• DATA FOR ANALYSIS:
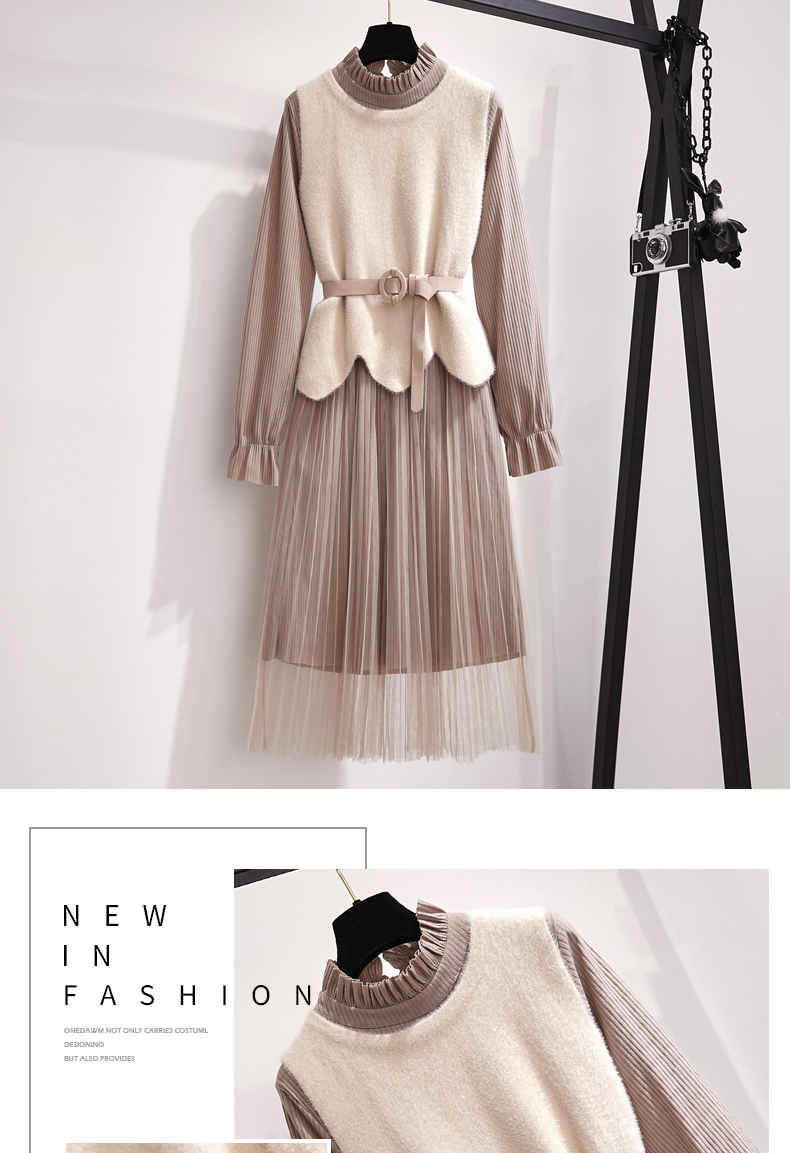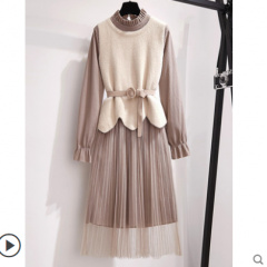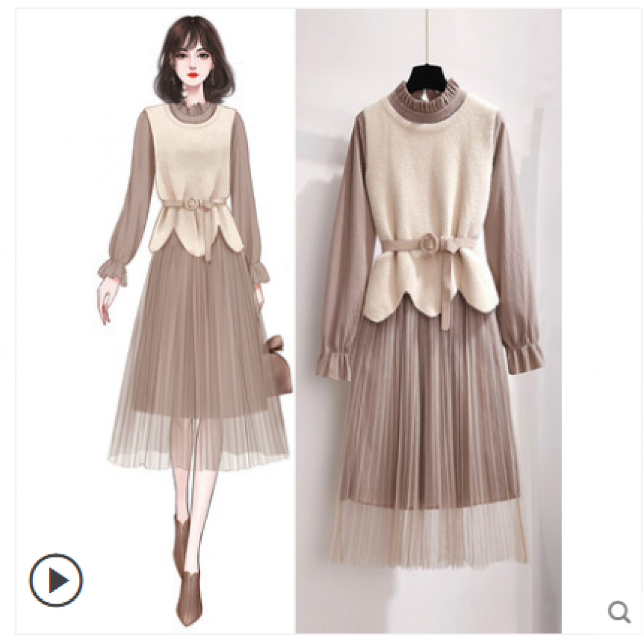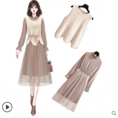高冷御姐风连衣裙女秋冬2020新款春季打底内搭气质套装裙子两件套
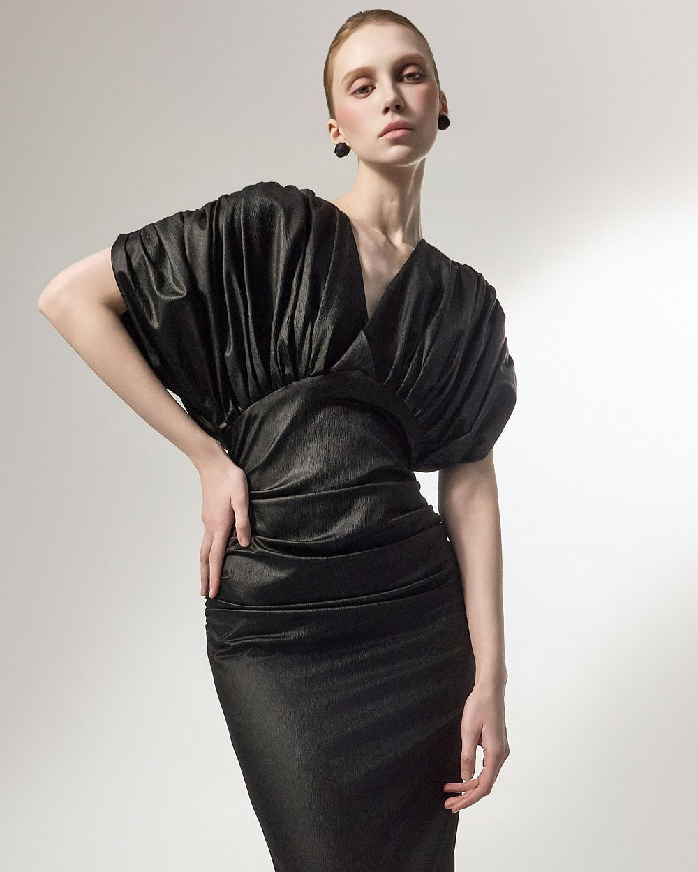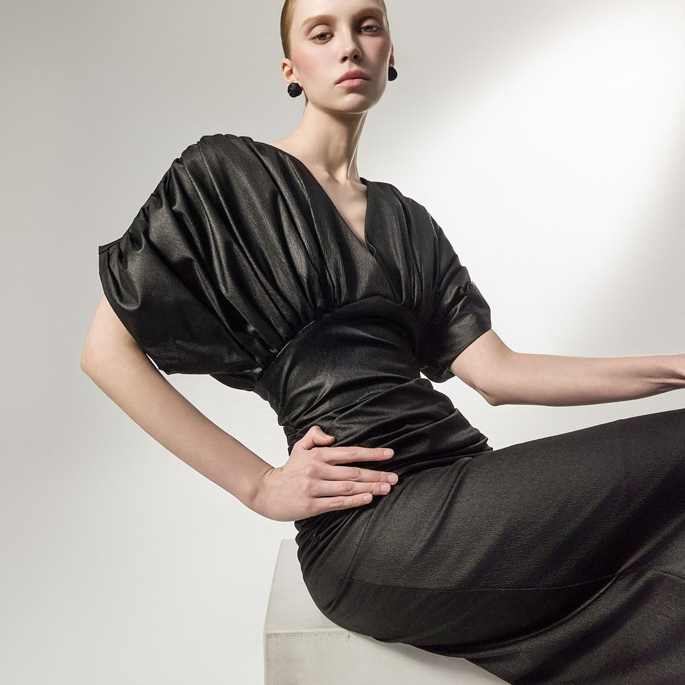 D9603 Drape V-Neck Dress
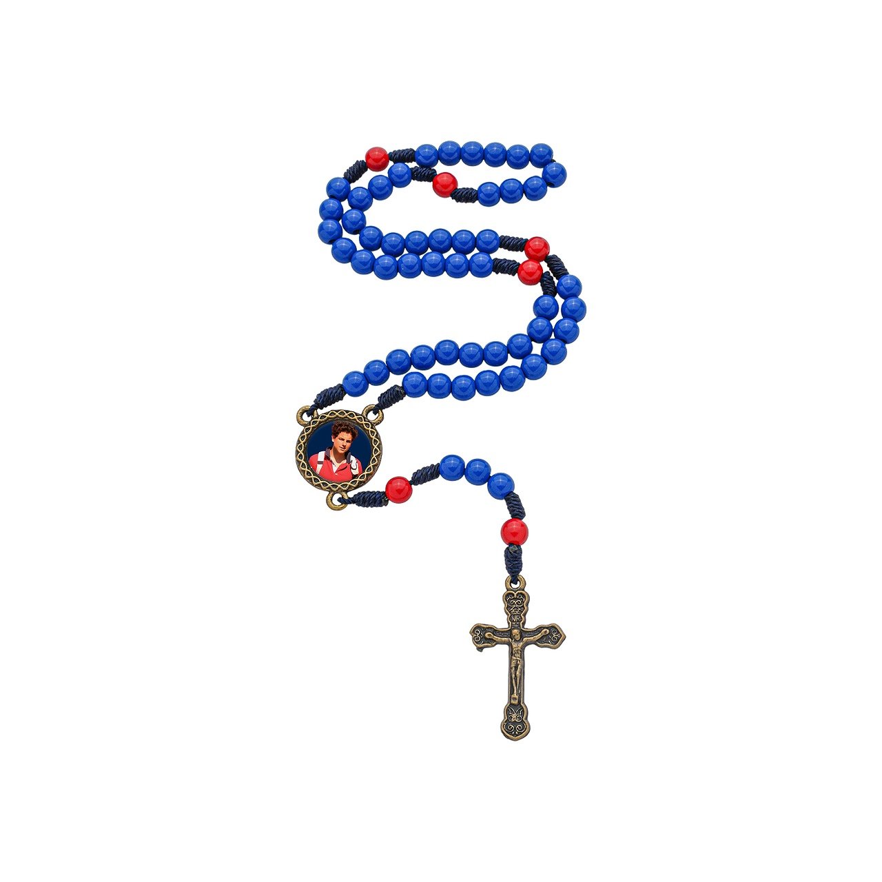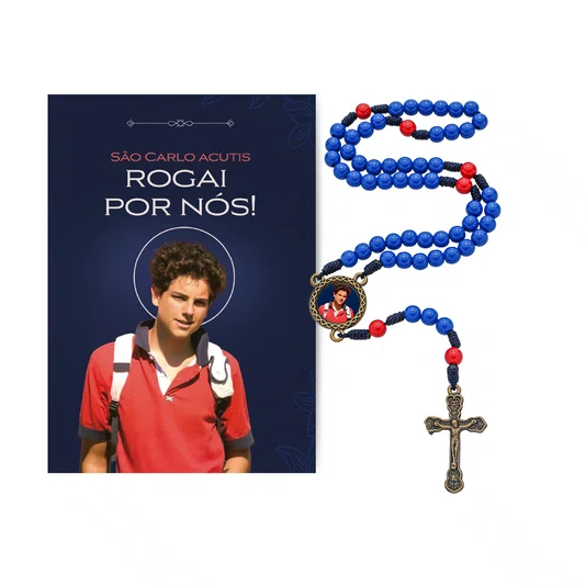 O terço é produzido com contas de pérola ABS de 6mm, apresentando uma composição de cores simbólica: o azul predominante remete à serenidade e à devoção mariana de Carlo, enquanto as contas vermelhas do "Pai Nosso" destacam o dinamismo e o amor à Eucaristia, que ele chamava de sua "rodovia para o céu". O produto é acompanhado por um folheto exclusivo com a oração oficial em devoção ao santo, que agrega valor pedagógico e devocional, tornando-o uma solução completa para o consumidor final.
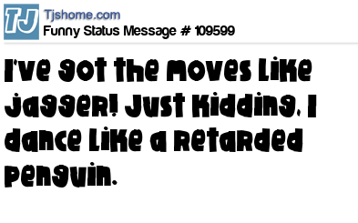 X I've got the moves like jagger! Just kidding, I dance like a retarded penguin.
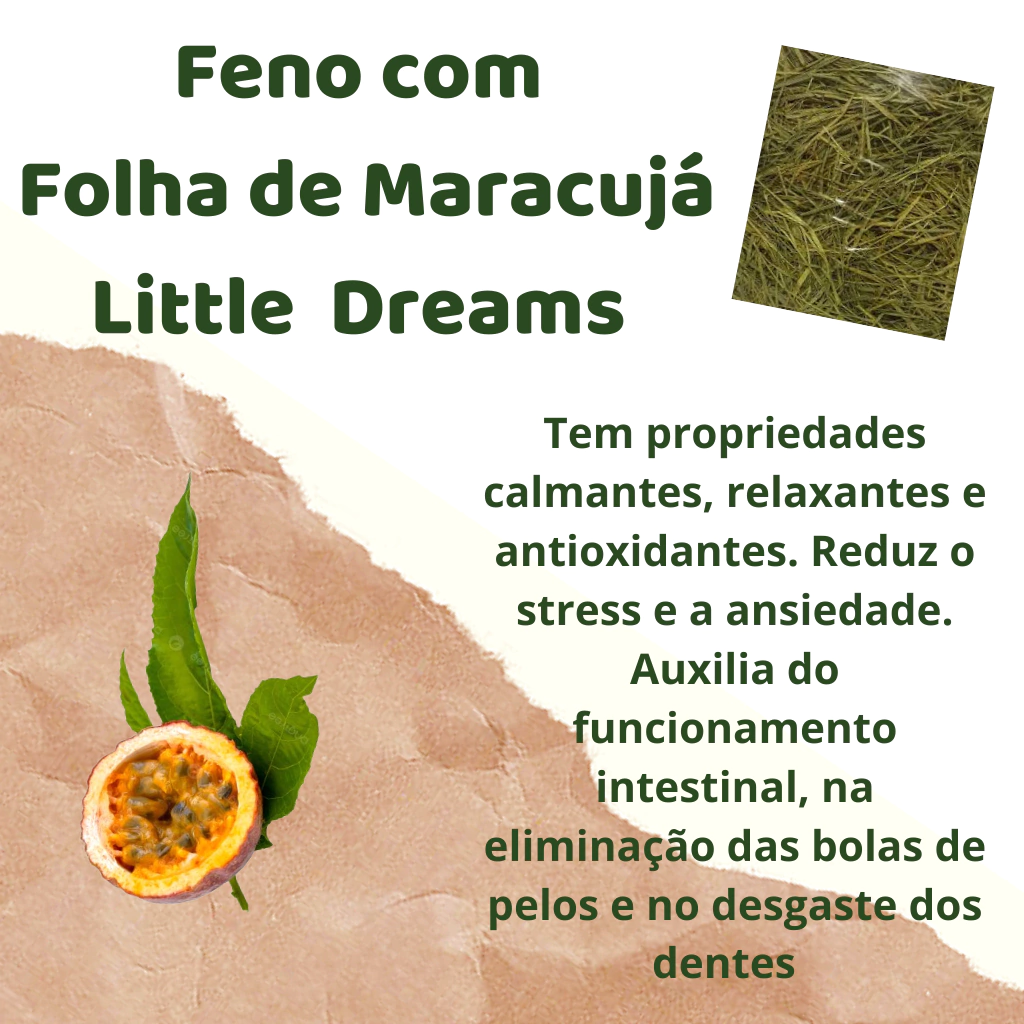 Pacote de feno tipo A de 400 gramas com folhas de maracujá.
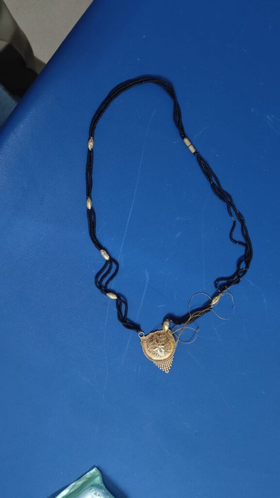 पुलिस पूछताछ में आरोपी ने अपना नाम हर्ष चंद्राकर (22 वर्ष), निवासी संगम चौक खुर्सीपार बताया। उसके कब्जे से लूटा गया सोने का मंगलसूत्र भी बरामद कर लिया गया है।आरोपी के खिलाफ भारतीय न्याय संहिता की धारा 304(2) के तहत थाना भिलाई नगर में मामला दर्ज कर आगे की कार्रवाई की जा रही है।
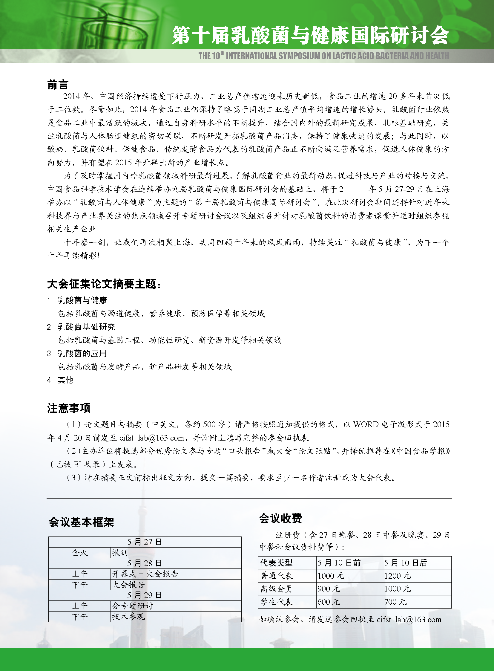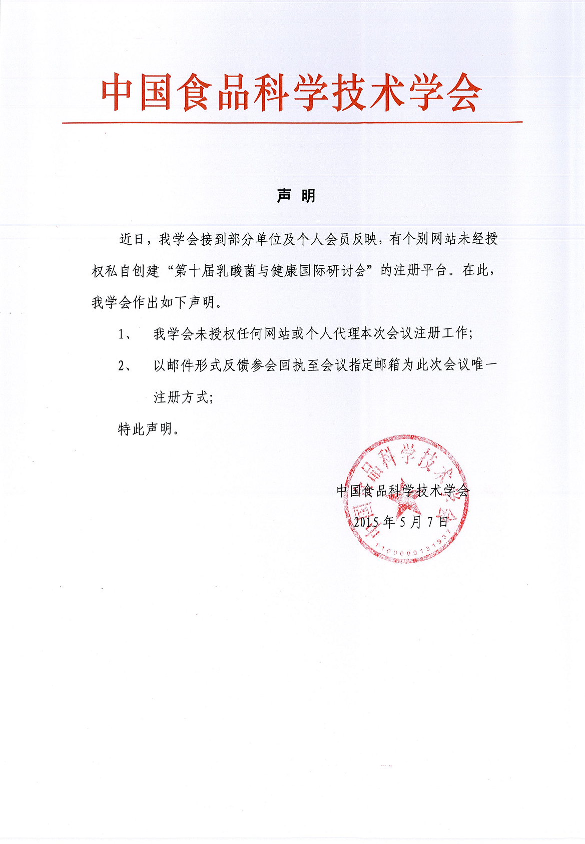 【注】關于“第十屆乳酸菌與健康國際研討會”會議注冊的聲明
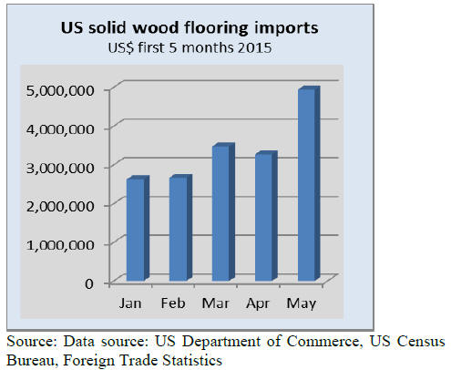 US hardwood flooring imports grew by 51% in May from
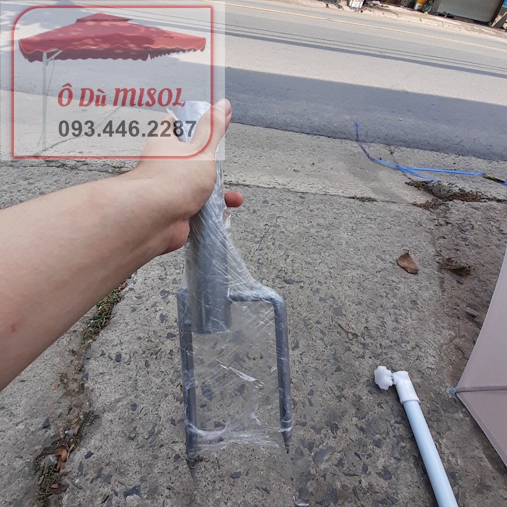 Dù nguyên liệu Polyester chất lượng cao, chống thấm cực tốtđế dù hàng sắt đặc chắc chắn, chịu được búa như hình, chân đế cắm xuống mặt đất nối với cây dù nhanh gọn
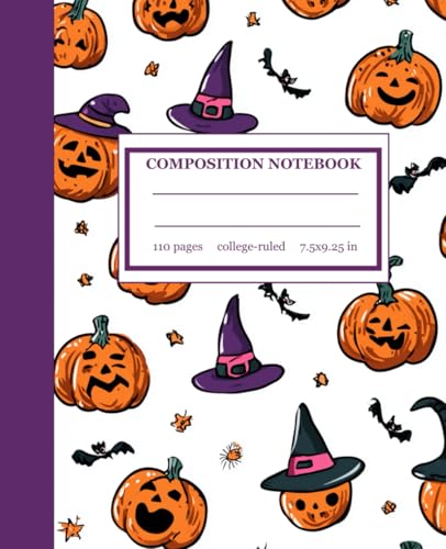 A Composition Book: Cute Cartoon Pumpkins Illustration | Halloween Theme | College Ruled For School Notes, Daily Thoughts, and Creative Scribbles | 110 Pages 7.5" X 9.25"
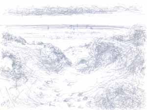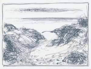 Dünenlandschaft; 1979, Maße: 36 x 48 cm, Grafik: Handzeichnung: Filzstift auf Zeichenblockpapier Erbeng. Arndt - Reg.Nr.: Z79-15/11a
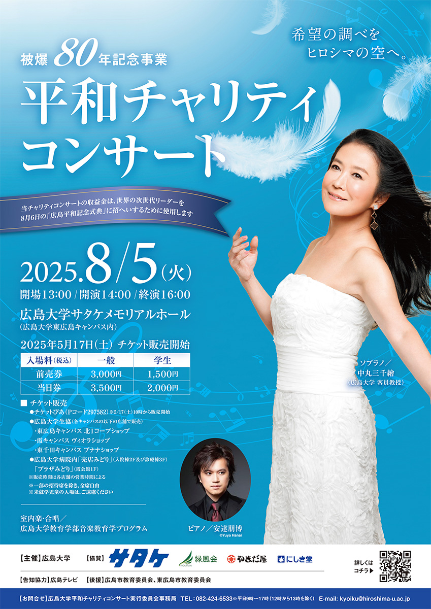 同コンサートは、平和への願いを胸に音楽を通じて過去を振り返り、未来に希望をつなげるイベントです。当日は、広島大学教育学部の客員教授であり世界的なオペラ歌手の中丸三千繪氏、ピアニストの安達朋博氏が出演。教育学部第四類音楽教育学プログラムの教員・学生・卒業生も合唱や演奏を披露します。音楽が持つ癒やしと力強さを感じながら、来場者の皆さまと平和の大切さを分かち合うひとときをつくりたいと考えています。チケット販売による収益は、広島市が8月6日に主催する「広島平和記念式典」に、世界の次世代リーダーを招へいするために使用します。
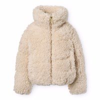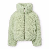 Groene imitatiebontjas met schapenvacht-look gemaakt van gerecycled polyester. De jas heeft een opstaande kraag, zijzakken en elastiek rond de mouwen en onderkant. De jas heeft een beige voering en is gevoerd met gerecyclede polyester vulling, wat zorgt voor gelijkmatige zachtheid en optimale warmte-isolatie.
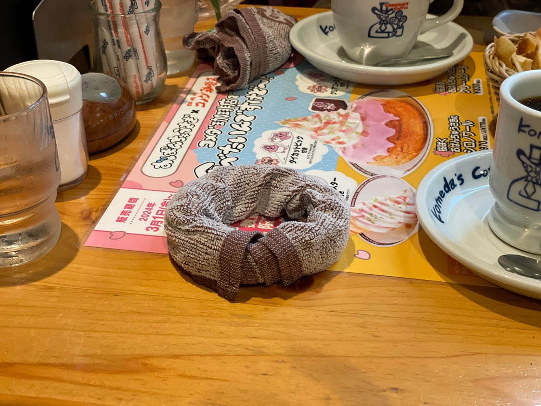 JJapan Photos I always end up making a donut out of the oshibori at Komeda Coffee December 13, 2025 I always end up making a donut out of the oshibori at Komeda Coffee by Correct_Ad_6593 Tags:Japan PhotosPhotography in Japan
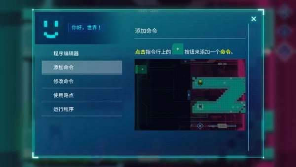 游戏中玩家的任务就是要帮助虚拟世界中的机器人打败敌人,但是玩家不能直接控制这些机器人,而是要为它们编写AI程序,通过程序来控制它们。在每一关里,玩家不但要分析过关的策略,还要给机器人编写程序以实现自己的策略。在游戏后期,玩家要为多个不同类型的机器人编写不同的行为模式,并让它们配合过关,具有相当的挑战性。
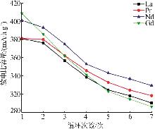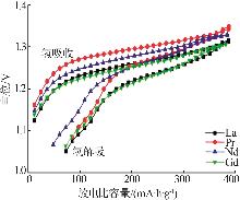 替代 元素 | 极限电 流密度/ (mA·g-1) | 电荷转 移电阻/ Ω | 高倍率 放电性能HRD1500/% | 交换电 流密度(I0)/(mA·g-1) | 氢扩散系 数(D0)/(× 10-11 cm2·s-1) |
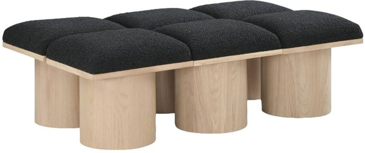 Bring valuable seating and remarkable style to your space with this black Pavilion boucle fabric bench, an exquisite balance of style and usability for the entryway, bedroom, and beyond. The bench's columnar bases add a dash of art deco design, making it a captivating focal point in any room.Read More
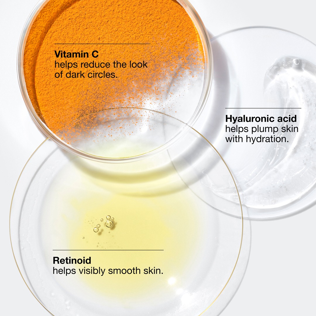 - Retinoid: Hjálpar til við að flýta fyrir náttúrulegri frumuendurnýjun húðarinnar fyrir sýnilega sléttara augnsvæði.
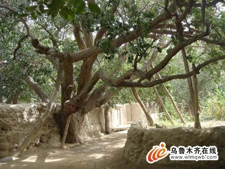 前方扬起尘土,从不远处的老杏树下过来一位得意的骑毛驴少年。老杏树如一把巨伞伸展着枝桠,林业专家测算已有250多年的树龄。虽然高龄,老杏树仍然每年结果儿,村民怕老枝撑不住果实,用木桩支起枝桠,谁也没想过一棵杏树能活这么久。几百年来,台斯村村民一直悉心照顾着它,也一直享用着它结出的甘美果实。
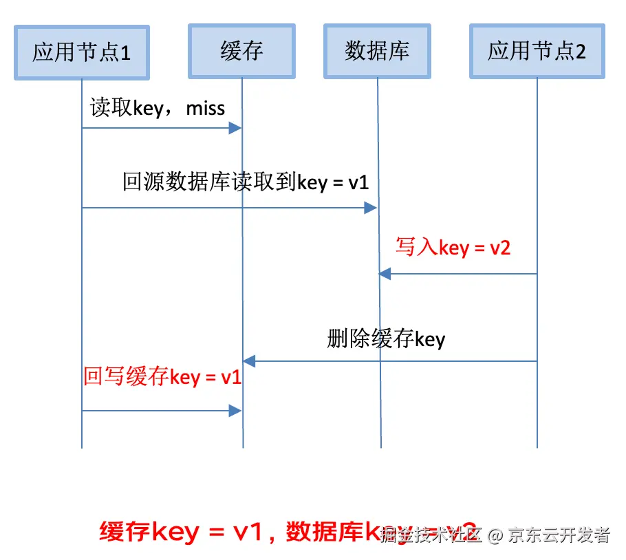 下面的示意图解释了这种不一致发生的原因。应用节点1访问缓存的key,没有读到数据,回源到数据库读取到key = v1。在回写缓存之前,应用节点1的工作线程被挂起。随后另一个应用节点2正好把数据库改成key=v2,然后删除缓存里的脏数据(虽然这时缓存还没有该key的数据)。之后应用节点1恢复执行,把key=1回写到缓存。这时候缓存的key=v1,数据库的key=v2,从而造成数据不一致。

• GOAL OF THE EXERCISE:
Return the material line for line, from its beginning to the line that contains "D9603 Drape V-Neck Dress", with the pictures left out.

• RESPONSE TO THE EXERCISE:
高冷御姐风连衣裙女秋冬2020新款春季打底内搭气质套装裙子两件套
 D9603 Drape V-Neck Dress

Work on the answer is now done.